Performance Measure: Annual Physical Exams

  • Participants in the Children's Waiver require an annual physical / well child exam.
    • This is a performance measure that is monitored and reported to CMS.
  • Although Care Managers are responsible for assisting the child/family to secure the wellness examination, it is the expectation that Care Managers and HCBS Providers work together, when possible, to help connect the participant with a physical/wellness exam.
Waiver Year 2021-2022 Metric Waiver Year 2022-2023 Metric (To Date)
56.42% 62.32%
  • HH/C-YES Reviews are scheduled to begin in April.
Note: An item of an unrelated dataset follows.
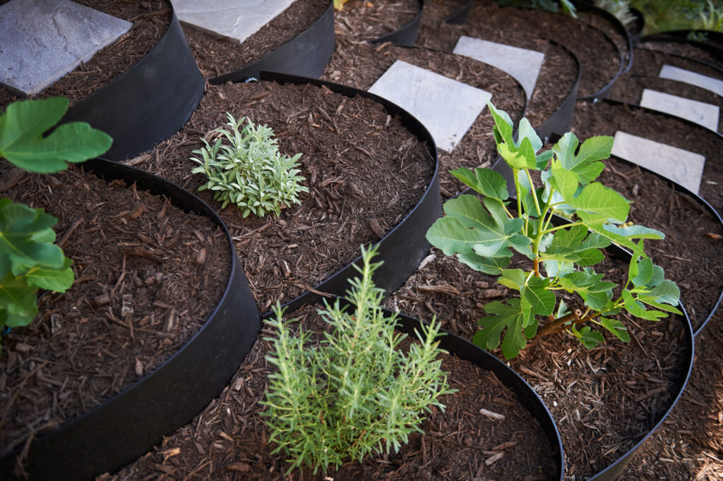 The trees are spaced towards the perimeter of the garden for airflow and light. The Dirt Lockers add warmth to the roots, a key element for productivity. Last fall, our maple tree dropped leaves while the fig trees were still green.

  • HCBS Provider Reviews are scheduled to begin in July.
  • Case Review Kick-off meetings will be held prior to the start of reviews.
  • Please identify who will be the point-of-contact for your agency for the purposes of communication throughout the case review process. Be prepared to provide NYSTEC with this point-of-contact information.
  • Please be sure that your agency's point of contact's Health Commerce System/Secure File Transfer access is up to date. Secure File Transfer access info: Secure File Transfer 2.0 Quick Reference Guide (ny.gov)
  • During WY21-22 reviews, non-responsive agencies negatively impacted the timeline for completion of reviews, Summary Of Findings, and Corrective Action Plans.
  • The Corrective Action Plan template will be updated for WY22-23 reviews to assist in streamlining the completion process for HHs and HCBS providers.